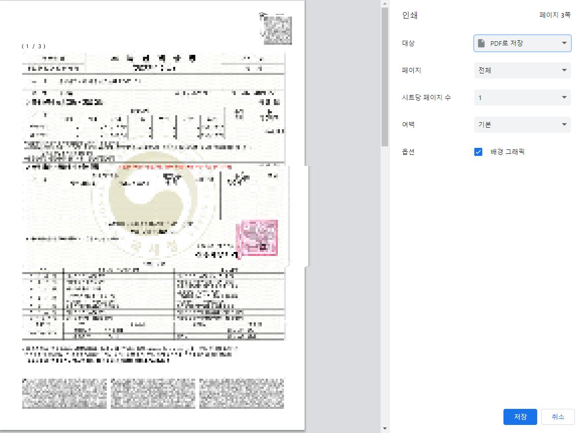 우측상단 PDF로 저장으로 선택하시고 '저장'을 클릭합니다.
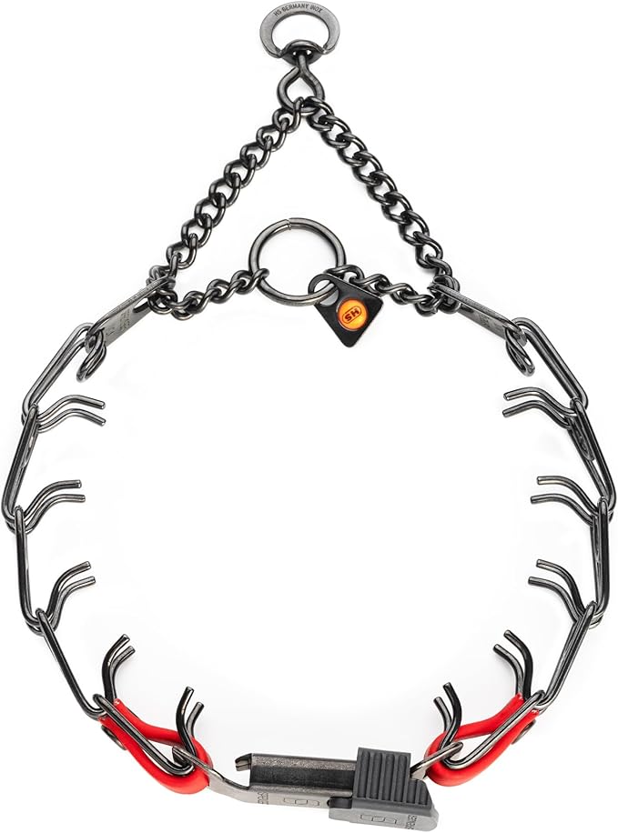 - Herm Sprenger Black Stainless Steel Prong Collar: This training prong dog collar features a Herm Sprenger Click Lock Buckle, Swivel D-Ring and U.S. made Biothane insert; The Biothane insert enhances the stability and security of the buckle connection with the prongs, while adding a personalized touch with a choice of different colors
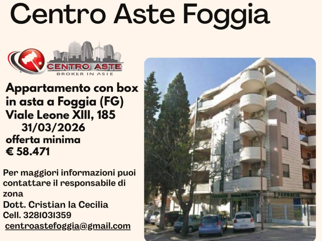 Asta appartamento con box a Foggia (FG) [SY421491] Viale Leone XIII, 185, 71121 Foggia FG, Italia Appartamento di 103 mq al II (secondo) piano di uno stabile sito in Foggia alla Via Leone XIII n. 185 composto di 5 vani e sottostante box auto di 17 mq al primo piano interrato.
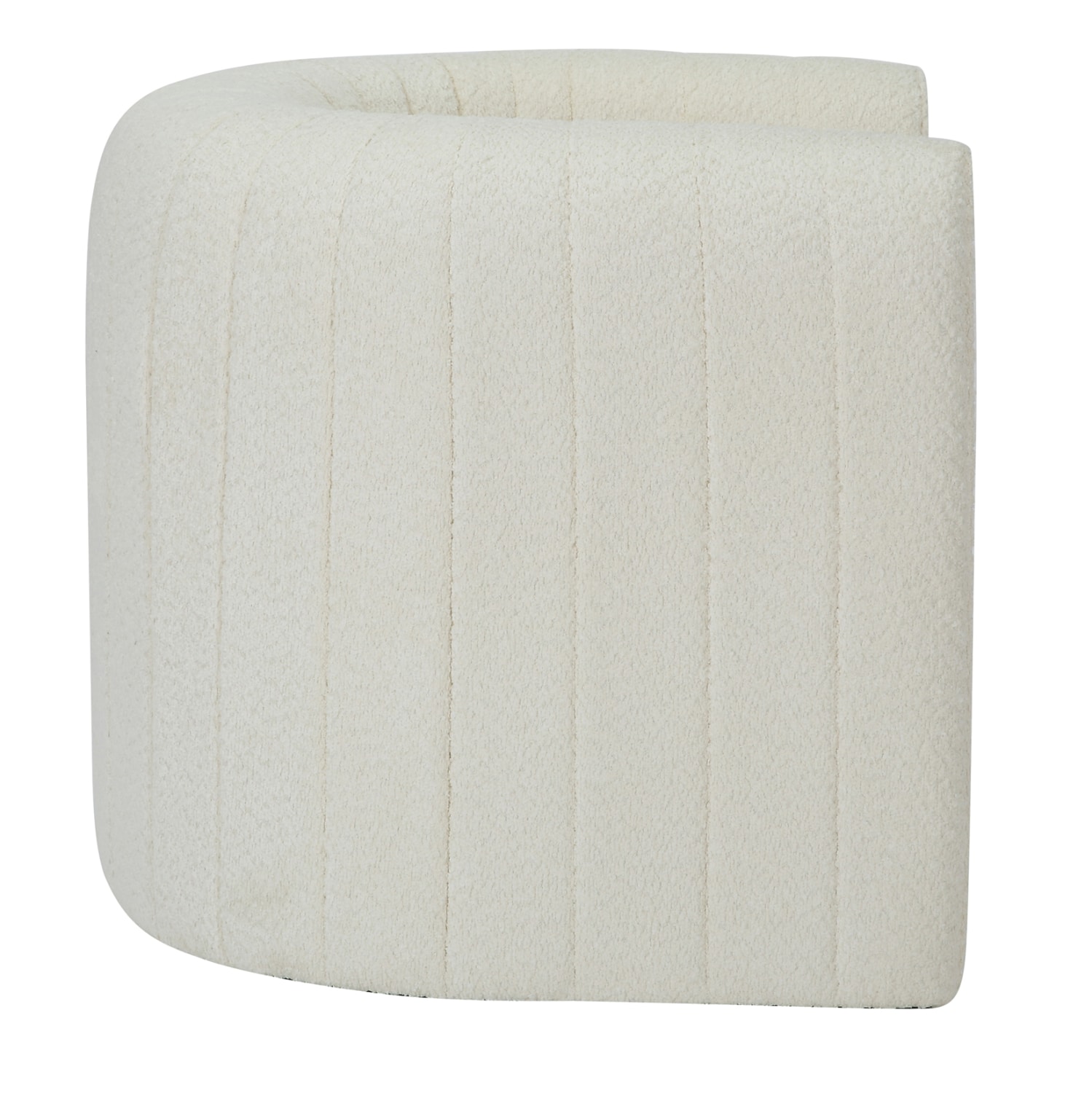 Ο σκελετός της πολυθρόνας είναι μεταλλικός με ηλεκτροστατική βαφή, ενώ ολόκληρη η επένδυση έχει γίνει με μπουκλέ ύφασμα εξαιρετικής ποιότητας και υφής. Μπουκλέ λέγεται οποιοδήποτε ύφασμα που έχει κόμπο-μπούκλα στην ύφανσή του. Κατασκευάζεται από σχεδόν όλες τις πρώτες ύλες (αν και συνήθως είναι συνθετικό) με ειδικές κλωστές με κόμπους ή πολύ στριμμένα νήματα, έτσι ώστε να έχει σγουρή επιφάνεια. Δεν τσαλακώνει και μπορεί να είναι μονόχρωμο, μελανζέ ,καρώ ή τουιντ.
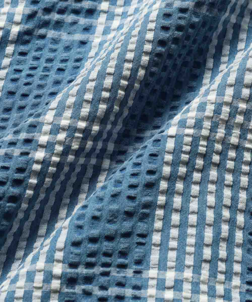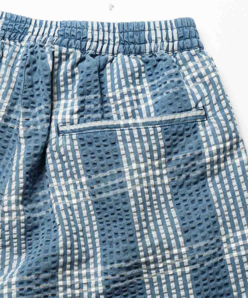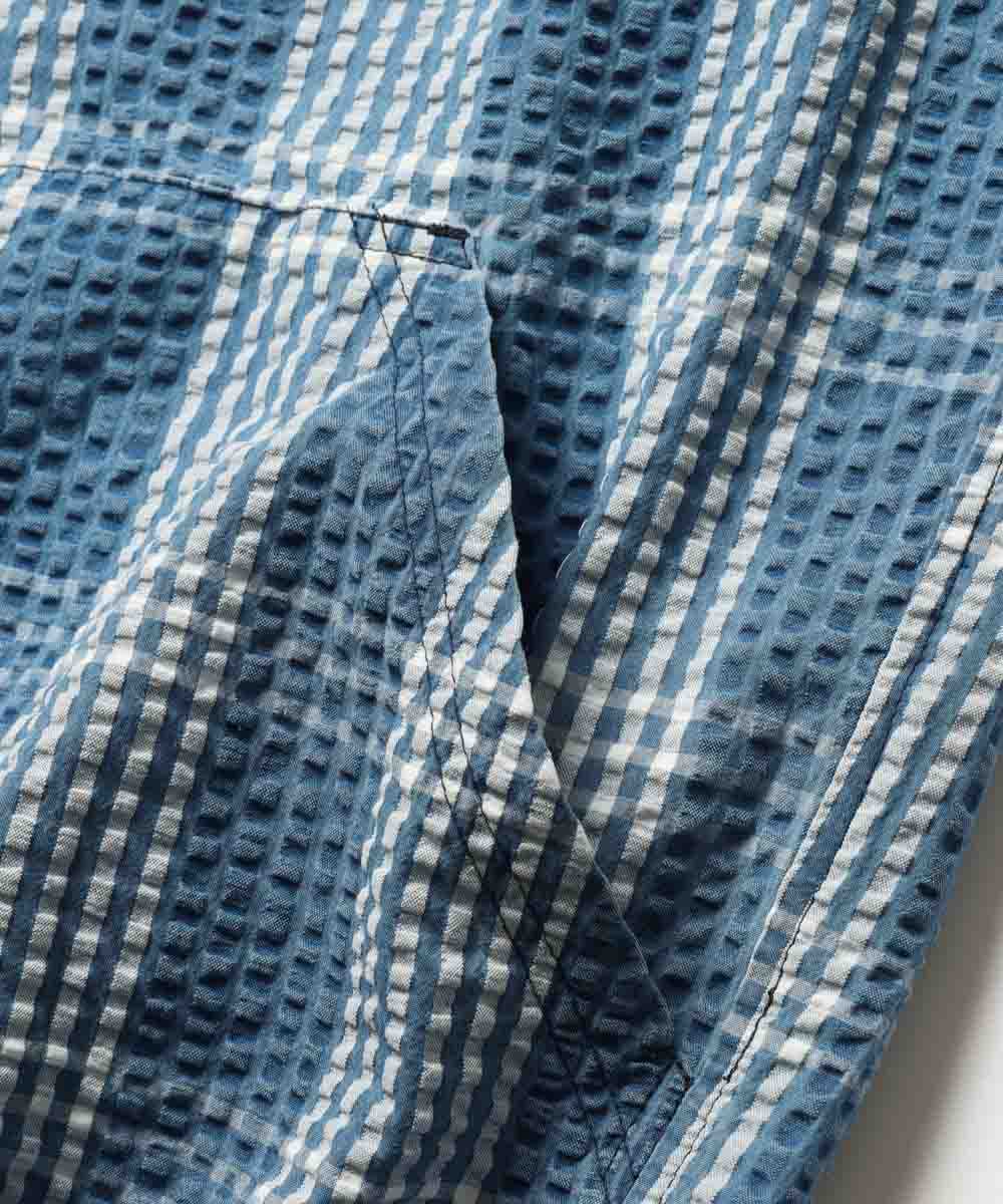 シャツパーカと同素材で仕立てられたシアサッカーショーツは、春先はロンTや薄手のスウェットと合わせて、夏本番になればTシャツ1枚と合わせるだけで、涼しげでこなれた西海岸スタイルが完成。最大の魅力は、やはりシアサッカー特有の波打つような生地の凹凸。ジメジメとした日や気温が上がる日でもベタつかず、常にサラサラとした極上の穿き心地をキープしてくれるのが嬉しい。青×白のチェック柄とブリーチによる褪せ色が、リゾート感とアメカジの土臭さを絶妙なバランスで両立した、まさに大人のための1本だ。
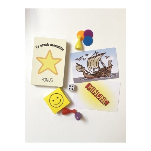 | CUPRINDE | tabla de joc • regulamentul jocului • cartea de povestiri biblice • două zaruri • opt pioni reprezentându-i pe primii creștini din cartea Faptele apostolilor • opt discuri mici din plastic reprezentându-i pe aceiași primi creștini |
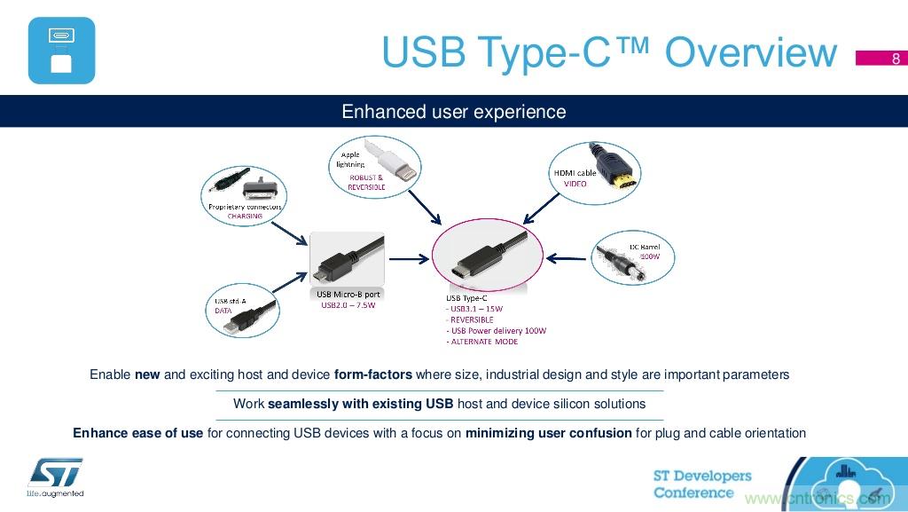 支持正反插拔 兼容 USB 3.1 標準,最快支持 10Gbit/s 傳輸 支持 USB Power Delivery 充電協議,最大可以提供 100W 的電力,並且可雙向供電 支持 DisplayPort,可以輸出音頻與視頻
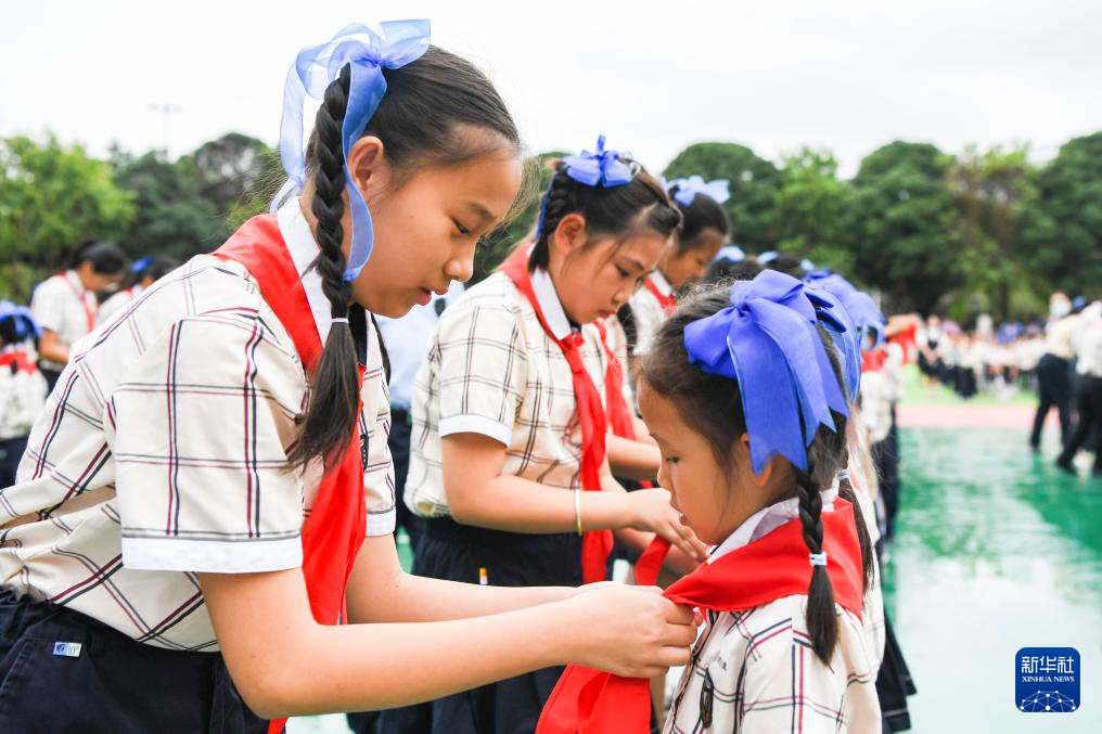 5月30日,在广西南宁市滨湖路小学教育集团滨湖校区少先队员入队仪式上,高年级学生为新队员戴红领巾。
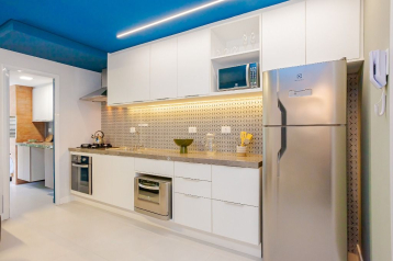 Cozinha com armários, geladeira, fogão, micro-ondas e forno elétrico;
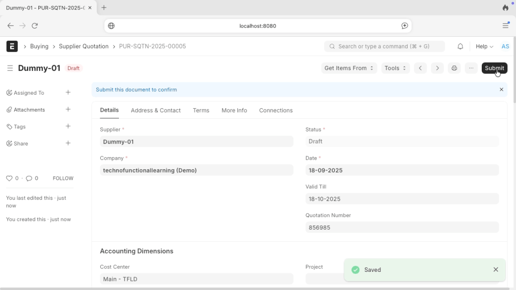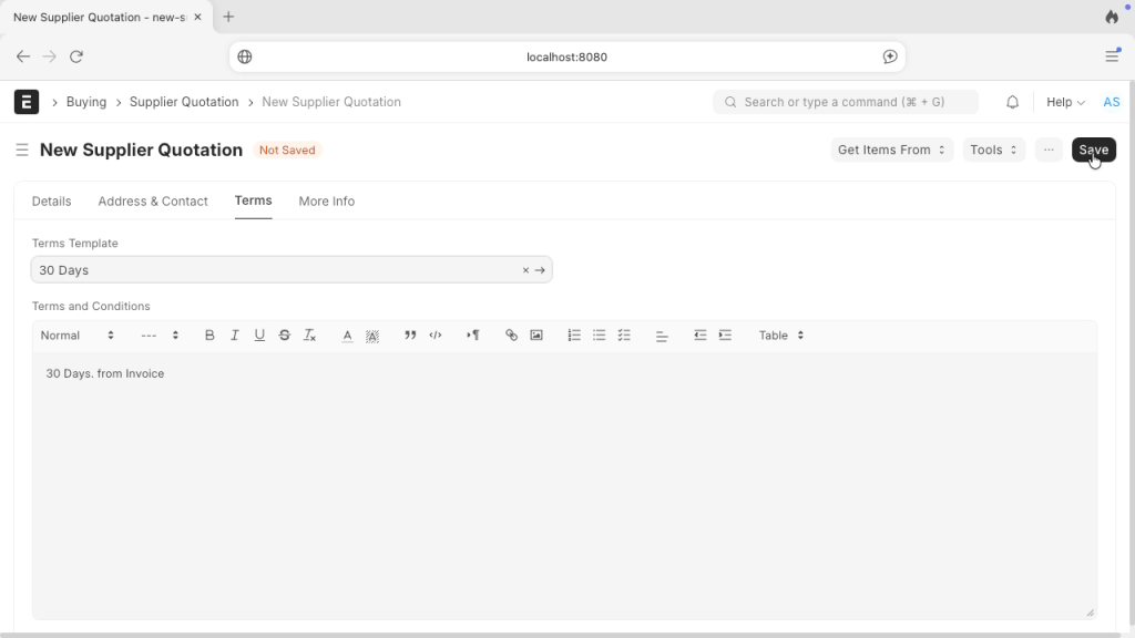 Here is screencast on How to create Supplier Quotation in ERPNext.
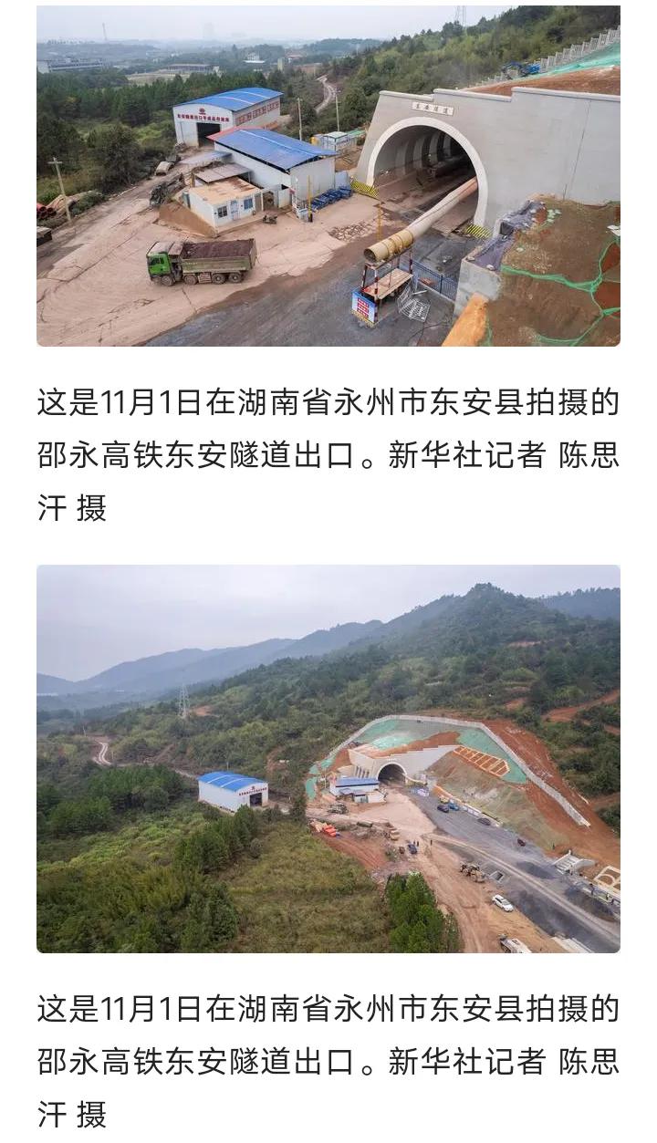 好消息,正在建设的邵阳至永州时速350公里邵永高铁绝对控制性工程全长约5.5公里的东安隧道已经挖掘过半(图四),其中路段加快架梁中,预计2027年可以如期开通运营,未来或将为重庆酉阳和秀山还有怀化和吉首等地坐高铁来往广州和深圳等地的重要通道,从长远来看时速200的怀邵衡铁路与邵永高铁应该还是需要建一条联络线的,如果所有车次都在邵阳站换向就太耽误时间了,那和走京广高铁绕行衡阳运行时间相比就没有太多优势,另外娄邵高铁和永清广高铁需要加快推进了,要不然邵永高铁就只能往广西南宁和柳州来往动车。
····················
=== ASSIGNED TASK ===
Copy the listing exactly. Any image in it stays out of the copy.

=== TASK RESPONSE ===
 우측상단 PDF로 저장으로 선택하시고 '저장'을 클릭합니다.
 - Herm Sprenger Black Stainless Steel Prong Collar: This training prong dog collar features a Herm Sprenger Click Lock Buckle, Swivel D-Ring and U.S. made Biothane insert; The Biothane insert enhances the stability and security of the buckle connection with the prongs, while adding a personalized touch with a choice of different colors
 Asta appartamento con box a Foggia (FG) [SY421491] Viale Leone XIII, 185, 71121 Foggia FG, Italia Appartamento di 103 mq al II (secondo) piano di uno stabile sito in Foggia alla Via Leone XIII n. 185 composto di 5 vani e sottostante box auto di 17 mq al primo piano interrato.
 Ο σκελετός της πολυθρόνας είναι μεταλλικός με ηλεκτροστατική βαφή, ενώ ολόκληρη η επένδυση έχει γίνει με μπουκλέ ύφασμα εξαιρετικής ποιότητας και υφής. Μπουκλέ λέγεται οποιοδήποτε ύφασμα που έχει κόμπο-μπούκλα στην ύφανσή του. Κατασκευάζεται από σχεδόν όλες τις πρώτες ύλες (αν και συνήθως είναι συνθετικό) με ειδικές κλωστές με κόμπους ή πολύ στριμμένα νήματα, έτσι ώστε να έχει σγουρή επιφάνεια. Δεν τσαλακώνει και μπορεί να είναι μονόχρωμο, μελανζέ ,καρώ ή τουιντ.
 シャツパーカと同素材で仕立てられたシアサッカーショーツは、春先はロンTや薄手のスウェットと合わせて、夏本番になればTシャツ1枚と合わせるだけで、涼しげでこなれた西海岸スタイルが完成。最大の魅力は、やはりシアサッカー特有の波打つような生地の凹凸。ジメジメとした日や気温が上がる日でもベタつかず、常にサラサラとした極上の穿き心地をキープしてくれるのが嬉しい。青×白のチェック柄とブリーチによる褪せ色が、リゾート感とアメカジの土臭さを絶妙なバランスで両立した、まさに大人のための1本だ。
 | CUPRINDE | tabla de joc • regulamentul jocului • cartea de povestiri biblice • două zaruri • opt pioni reprezentându-i pe primii creștini din cartea Faptele apostolilor • opt discuri mici din plastic reprezentându-i pe aceiași primi creștini |
 支持正反插拔 兼容 USB 3.1 標準,最快支持 10Gbit/s 傳輸 支持 USB Power Delivery 充電協議,最大可以提供 100W 的電力,並且可雙向供電 支持 DisplayPort,可以輸出音頻與視頻
 5月30日,在广西南宁市滨湖路小学教育集团滨湖校区少先队员入队仪式上,高年级学生为新队员戴红领巾。
 Cozinha com armários, geladeira, fogão, micro-ondas e forno elétrico;
 Here is screencast on How to create Supplier Quotation in ERPNext.
 好消息,正在建设的邵阳至永州时速350公里邵永高铁绝对控制性工程全长约5.5公里的东安隧道已经挖掘过半(图四),其中路段加快架梁中,预计2027年可以如期开通运营,未来或将为重庆酉阳和秀山还有怀化和吉首等地坐高铁来往广州和深圳等地的重要通道,从长远来看时速200的怀邵衡铁路与邵永高铁应该还是需要建一条联络线的,如果所有车次都在邵阳站换向就太耽误时间了,那和走京广高铁绕行衡阳运行时间相比就没有太多优势,另外娄邵高铁和永清广高铁需要加快推进了,要不然邵永高铁就只能往广西南宁和柳州来往动车。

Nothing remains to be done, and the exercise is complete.